Three distinct habitats were identified. Among the eight machine learning algorithms, the multilayer perceptron (MLP) model demonstrated superior performance in handling non-linearity, achieving a higher area under the curve (AUC) of 0.836 [95% confidence interval (CI): 0.628-1.000] in the testing cohort. The combined model (AUC =0.836, 95% CI: 0.628-1.000) exhibited a higher AUC than the clinical model but a similar AUC to the rad_habitat model in the testing set. Delong test revealed a significant difference in the AUC values between the clinical model and the combined model and between the clinical model and rad_habitat model in the training cohort (P=0.002 and P=0.007, respectively), while the AUC values of the other models were not statistically different. Cox regression analysis identified the rad_habitat_score as the only independent predictor of PFS (P<0.001) for patients with high-risk ALK+ lung cancer.
The habitat-radiomics approach, utilizing three regional habitats, shows promise for accurately and interpretably identifying disease progression in ALK+ lung cancer. The rad_habitat_score, when combined with clinical features, demonstrated improved predictive accuracy for prognostic stratification compared with the clinical model alone.
与致癌驱动基因突变或融合相关的肺癌,如间变性淋巴瘤激酶(ALK),可从具有代表性的临床一线治疗中获益。ALK阳性(ALK+)患者的中位生存期比ALK阴性患者更长。本研究旨在基于计算机断层扫描(CT)肺部图像的栖息地分析开发一种机器学习模型,以预测疾病进展,并探讨其对ALK+肺癌患者无进展生存期(PFS)的预后价值。
2016年4月至2022年8月期间,南京医科大学第一附属医院的79例ALK阳性肺癌且TNM分期为晚期(III-IV期)的患者被分为训练组(n = 63)和测试组(n = 16)。使用基于栖息地的聚类分析方法从CT图像中提取放射组学特征。随后,比较了八种机器学习算法的性能,以构建栖息地-放射组学(rad_habitat)模型,得出rad_habitat_score。通过回归分析,我们开发了一个临床模型和一个将临床变量与rad_habitat_score相结合的联合模型。随后,对这些模型的性能进行了评估。对临床变量和rad_habitat_score进行单因素和多因素Cox回归分析。
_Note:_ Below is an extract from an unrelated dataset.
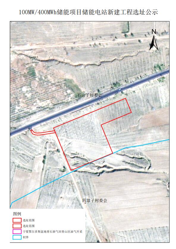 中国储能网讯:8月25日,盐池县自然资源局发布100MW/400MWh储能项目储能电站新建工程选址公示。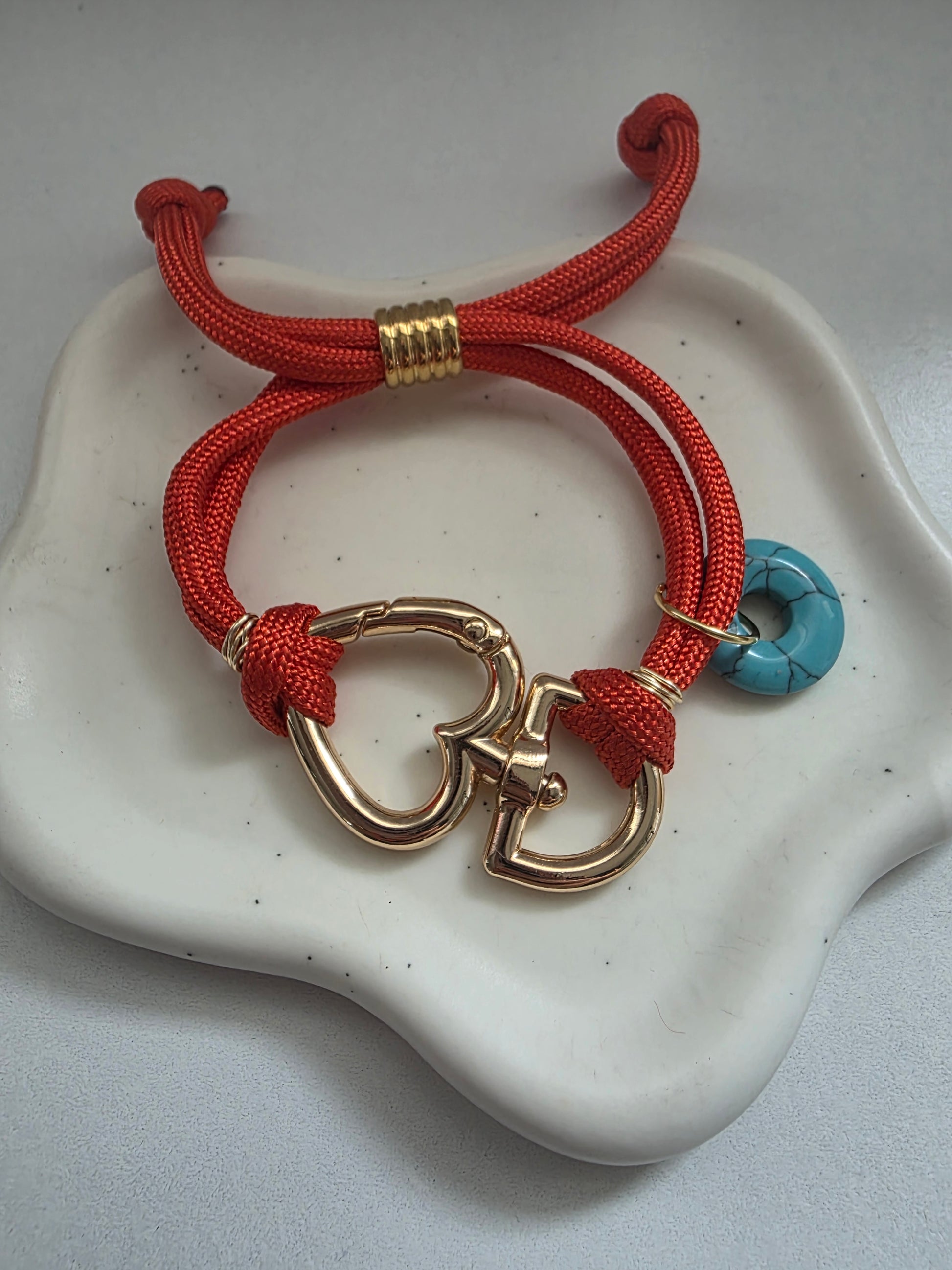Brazalete en paracord ajustable con detalle gold plated y charm de turqueza

识别出三个不同的栖息地。在八种机器学习算法中,多层感知器(MLP)模型在处理非线性方面表现出卓越性能,在测试组中实现了更高的曲线下面积(AUC),为0.836 [95%置信区间(CI):0.628 - 1.000]。联合模型(AUC = 0.836,95% CI:0.628 - 1.000)在测试集中的AUC高于临床模型,但与rad_habitat模型的AUC相似。德龙检验显示,在训练组中,临床模型与联合模型之间以及临床模型与rad_habitat模型之间的AUC值存在显著差异(分别为P = 0.002和P = 0.007),而其他模型的AUC值无统计学差异。Cox回归分析确定rad_habitat_score是高危ALK+肺癌患者PFS的唯一独立预测因子(P < 0.001)。
利用三个区域栖息地特征的栖息地-放射组学方法,有望准确且可解释地识别ALK+肺癌的疾病进展。与单独的临床模型相比,rad_habitat_score与临床特征相结合时,在预后分层方面显示出更高的预测准确性。